Granted, most people can't seem to make enough to support a family on one income today. It's not just farmers that struggle with this. But the next time you ask someone how many acres they own and then gasp at the answer, remember that acres owned are not a measure of financial health. The next time I speak to you about farmland preservation and you go off about how farmers have everything handed to them, dig a little to get to the economic reality. And the next time you ask me if you can have a discount if you buy two bags of beans, watch me closely. You may see me swallow and pause just a bit as I remember the back-breaking time that both sets of our "retired" parents put in out in the field this summer.

In the meantime, it looks like two of us now have part-time jobs.

Monday, November 24, 2014

The Corn Is In!

I've been dreadfully neglectful of blogging this summer/fall. Something about being so busy doing that I don't have time to document (with a little writer's block sprinkled in, if I'm honest).

If you ride through our corner of the world, you'll find quite a bit of corn still in the fields. In fact, off to the left in this photo, you see another farmer's corn still standing. We know how it is to leave corn in the field for the winter, as we did it just last year. It's not good at all. You lose a bit to gravity, and you lose a lot to wildlife.

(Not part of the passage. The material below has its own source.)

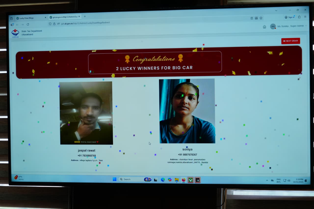 मुख्यमंत्री पुष्कर सिंह धामी ने राज्य स्थापना रजत जयंती समारोह का शुभारंभ करते हुए सचिवालय में ‘बिल लाओ, ईनाम पाओ’ के अंतर्गत मेगा लकी ड्रॉ निकाला। राज्य कर विभाग, उत्तराखण्ड द्वारा आयोजित इस कार्यक्रम में कुल 1,888 लकी ड्रॉ के विजेता चुने गए। इसमें, नैनीताल जनपद की सोनिया और टिहरी जनपद के जसपाल रावत ने प्रथम विजेता के रूप में एक-एक इलेक्ट्रिक कार जीती। मुख्यमंत्री ने दोनों विजेताओं से फोन पर बात कर उन्हें शुभकामनाएं भी दीं।

We finished harvesting our corn on October 31 this year. None too soon, either, as it was about two weeks later that we got our first snow. Many of the farmers are poised to start combining again as soon as the weather permits, but they will be battling either snow or mud.

There were more photos of the combining process, but all were blurry. Something about the vibration of the huge machine... and perhaps the dirt on the front window.